Badannya tinggi besar dan tegap. Kulitnya gelap dan tulang-tulang wajahnya menonjol. Kegemaran Agus adalah jalan kaki. Kesukaannya yang bersifat fisikal ini juga sesuai dengan kepribadiannya. Ia senang bergaul. Wawasannya luas. Dan, kaya hati. Ia pengelana. Aktivis kiri umumnya tak menyukai gerakan Islam. Demikian pula dengan gerakan liberal.

Namun semua itu tak berlaku bagi Agus. Pengembaraannya yang luas --baik secara geografis (karena gemar menjelajahi masyarakat-masyarakat kecil di pelosok negeri), secara sosial (karena bergaul dengan beragam ras, kelas sosial, agama, maupun pengelompokan sosial), juga secara pemikiran (ia pelahap bermacam pemikiran) – telah membuat dirinya menjadi bijak dalam melihat persoalan. Kemuakannya hanya satu: pada penguasa, siapa pun mereka. Sangat khas marxis. 

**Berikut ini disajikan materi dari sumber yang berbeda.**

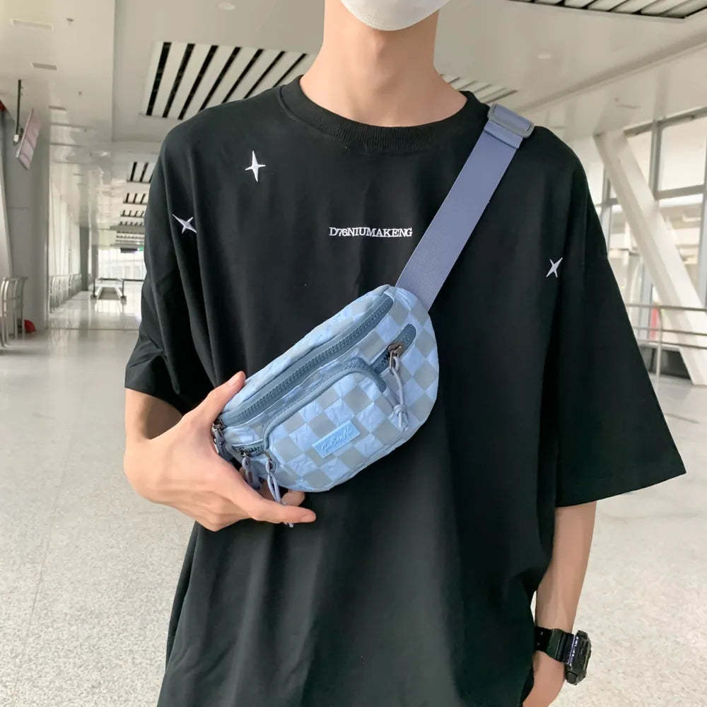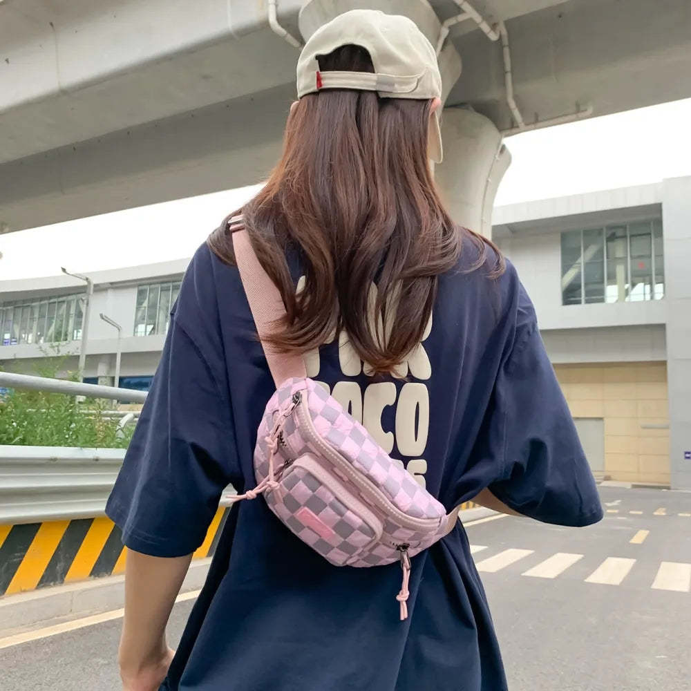 - Checkered Adjustable Strap Nylon Crossbody Bag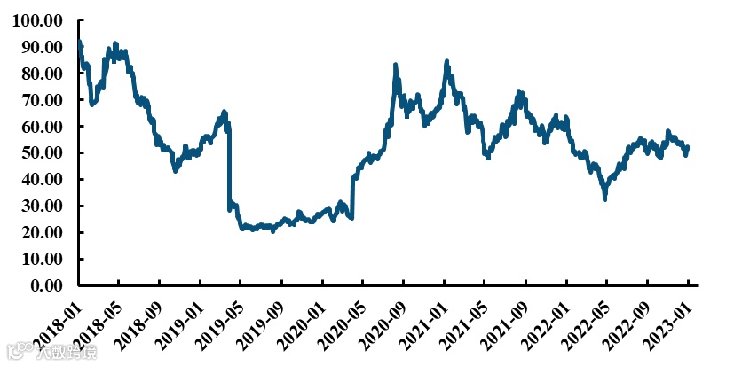 我们对中航证券军工材料指数标的进行PE(TTM)统计,截至2023年1月末指数市盈率为55.07倍,较上月增加5.81%,处于2018年以来的54%分位。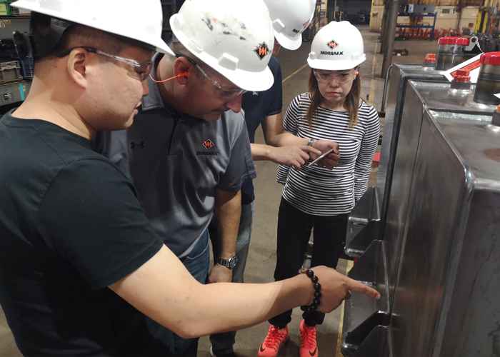 在木霸克國際市場總經(jīng)理Curt 先生的帶領(lǐng)下,綠友一行進(jìn)入木霸克的生產(chǎn)車間,了解每一臺高品質(zhì)產(chǎn)品是如何生產(chǎn)出來。從生產(chǎn)計(jì)劃,金屬加工,材料分選,品質(zhì)控制,現(xiàn)場管理,配件存儲,人員培訓(xùn),木霸克工廠毫無保留展示每一處生產(chǎn)細(xì)節(jié),而依靠這些細(xì)節(jié)的管控才能造就木霸克的品質(zhì)和市場認(rèn)可。參觀期間,Curt特意強(qiáng)調(diào)了材料分選是木霸克設(shè)備和其他品牌產(chǎn)品的重要區(qū)別,木霸克針對每一部位應(yīng)用和受力不用,在材料選擇都會進(jìn)行區(qū)分,例如進(jìn)料口下方的金屬板面由于需要經(jīng)受長時間撞擊,這塊板面的選擇使用和美國坦克裝甲相同材料,并以不同顏色區(qū)分開。當(dāng)消費(fèi)者購買設(shè)備時,面對不同品牌產(chǎn)品都是光鮮亮麗,而隱藏在漆層下面的細(xì)節(jié)決定他們之間的區(qū)別,發(fā)現(xiàn)這些細(xì)節(jié)的不同則需要深入生產(chǎn)車間,而這也是木霸克最希望客戶參觀他們生產(chǎn)的原因。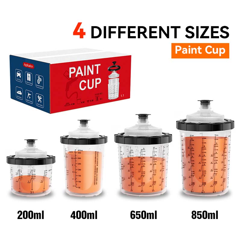 Основываясь на исследовании рынка, Paint Cup доступна в четырех спецификациях мощности: 200 мл, 400 мл, 650 мл и 850 мл, обслуживая различные сценарии использования, будь то для распыления крупной области или подробных подкрасок. Кроме того, внутренняя чашка была оптимизирована, чтобы обеспечить плавный поток краски, уменьшая засорение и отходы.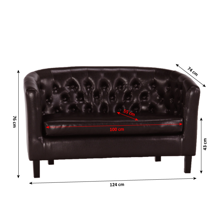 Moderní 2-sed Maron Materiál: ekokůže / nožičky z masivního dřeva Barva: tmavohnědá / černá Rozměry (ŠxHxV): 124x74x76 cm Výška sedu: 43cm Hloubka sedu: 55 cm Dodávané v demontu.

Di saat para aktivis jalanan masuk kekuasaan di era Gus Dur, Agus memilih tetap bergerak di bawah. Di saat aktivis jalanan di era Jokowi masuk kekuasaan dan BUMN, Agus tetap di pinggiran. Baginya, penguasa sama saja. Tugas kaum idealis tetap menemani orang-orang yang terpinggirkan. Namun ia tak lagi seperti dia aktif di Pijar, wadah demonstran paling berani era Orde Baru.

Di masa seniornya ia terkesan berwajah developmentalis. Tak heran jika kemudian ia bergabung di Lazismu, lembaga penghimpun zakat, infak, sedekah, dan wakaf milik Muhammadiyah. Lembaga semacam ini berwajah developmentalis, tidak strukturalis yang berhadap-hadapan dengan kekuasaan.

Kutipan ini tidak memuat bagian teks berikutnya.